(Source information Opens)
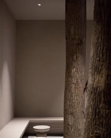 Linked with outdoor glass for interior to create a better visual experience, the trunk of three different location arrangement in space, as a dividing line, the space disturb forming richer multi-dimensional spatial relationships, it is not only the partition of the space, also is the visual center of the space, clean aluminum plate and the wallpaper, the trunk with time rings more outstanding.
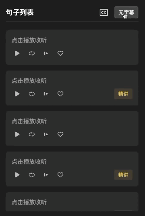 还可以「中英双语-仅英语-无字幕」自行切换,喜欢的句子还能收藏起来??。
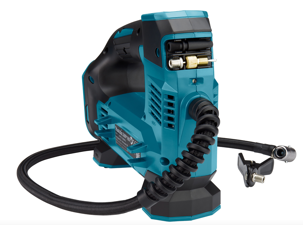 Entdecken Sie den Makita DMP180Z Akku-Kompressor, die perfekte Lösung zum Befüllen von Reifen und Bällen. Mit 18 V Leistung und einem maximalen Druck von 8,3 bar (121 psi) stoppt der Kompressor automatisch bei Erreichen des voreingestellten Drucks. Das integrierte LED-Licht erleichtert die Arbeit bei schwachem Licht, während der Thermostat das Gerät vor Überhitzung schützt. Er ist mit mehreren Ventilen ausgestattet und eignet sich für verschiedene Produkte.
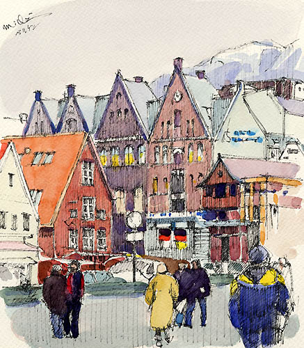 ベルゲン(ノルウェー) 吉崎 道治 2003年 水彩 24.8×21.7cm YM001-G143 |
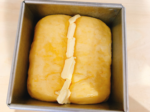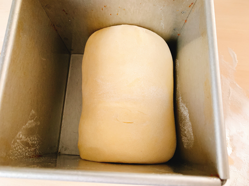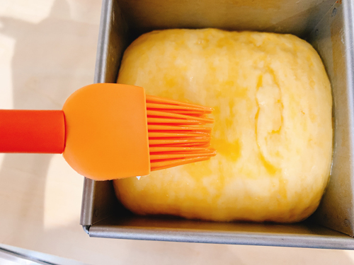 オイルを塗った型に入れ、全体をビニール袋で覆い2次発酵。型の8分目まで来るくらい。
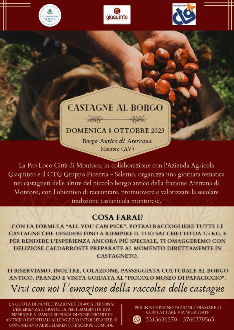 Domenica 8 ottobre, presso l’antico Borgo di Aterrana-Montoro (AV), la Pro Loco Città di Montoro, il Gruppo CTG Picentia di Salerno e l’Azienda Agricola Giaquinto, che hanno unito le proprie forze in un contributo, uno scambio di idee e pareri, organizzano l’iniziativa “Castagne al Borgo” per la valorizzazione della secolare tradizione castanicola montorese.
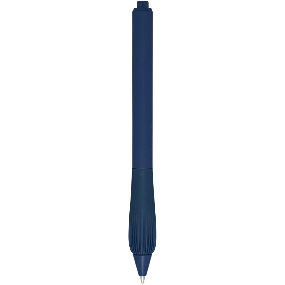 Recycled plastic ballpoint pen with a rubberized barrel, and grip made of TPR. Ink colour: Black. Writing length: 1000 metres. Nib size: 1.0 mm. Dimensions: 14,3 x O 1,02 cm
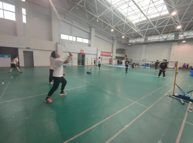 大家对此次活动做了充分的准备,认真完成比赛的策划,保证比赛的公平公正,让参赛选手都能满载而归。比赛分为单打和双打,实行11分制,单打一局决定胜负,双打是三局两胜。赛前选手进行友好试打来熟悉对手,让自己发挥得更加出色。比赛中,双方选手都拿出实力,时而扣杀,时而奔跑,十分精彩,大家相互鼓气,也充分体现了赛场上“友谊第一,比赛第二”的原则。选手们在羽毛球场里挥洒着青春的汗水,洋溢着快乐的笑容。
(Source information Closes)
Assigned task:
Would you restate the listing word for word without its pictures?

Result of the task:
 Linked with outdoor glass for interior to create a better visual experience, the trunk of three different location arrangement in space, as a dividing line, the space disturb forming richer multi-dimensional spatial relationships, it is not only the partition of the space, also is the visual center of the space, clean aluminum plate and the wallpaper, the trunk with time rings more outstanding.
 还可以「中英双语-仅英语-无字幕」自行切换,喜欢的句子还能收藏起来??。
 Entdecken Sie den Makita DMP180Z Akku-Kompressor, die perfekte Lösung zum Befüllen von Reifen und Bällen. Mit 18 V Leistung und einem maximalen Druck von 8,3 bar (121 psi) stoppt der Kompressor automatisch bei Erreichen des voreingestellten Drucks. Das integrierte LED-Licht erleichtert die Arbeit bei schwachem Licht, während der Thermostat das Gerät vor Überhitzung schützt. Er ist mit mehreren Ventilen ausgestattet und eignet sich für verschiedene Produkte.
 ベルゲン(ノルウェー) 吉崎 道治 2003年 水彩 24.8×21.7cm YM001-G143 |
 オイルを塗った型に入れ、全体をビニール袋で覆い2次発酵。型の8分目まで来るくらい。
 Domenica 8 ottobre, presso l’antico Borgo di Aterrana-Montoro (AV), la Pro Loco Città di Montoro, il Gruppo CTG Picentia di Salerno e l’Azienda Agricola Giaquinto, che hanno unito le proprie forze in un contributo, uno scambio di idee e pareri, organizzano l’iniziativa “Castagne al Borgo” per la valorizzazione della secolare tradizione castanicola montorese.
 Recycled plastic ballpoint pen with a rubberized barrel, and grip made of TPR. Ink colour: Black. Writing length: 1000 metres. Nib size: 1.0 mm. Dimensions: 14,3 x O 1,02 cm
 大家对此次活动做了充分的准备,认真完成比赛的策划,保证比赛的公平公正,让参赛选手都能满载而归。比赛分为单打和双打,实行11分制,单打一局决定胜负,双打是三局两胜。赛前选手进行友好试打来熟悉对手,让自己发挥得更加出色。比赛中,双方选手都拿出实力,时而扣杀,时而奔跑,十分精彩,大家相互鼓气,也充分体现了赛场上“友谊第一,比赛第二”的原则。选手们在羽毛球场里挥洒着青春的汗水,洋溢着快乐的笑容。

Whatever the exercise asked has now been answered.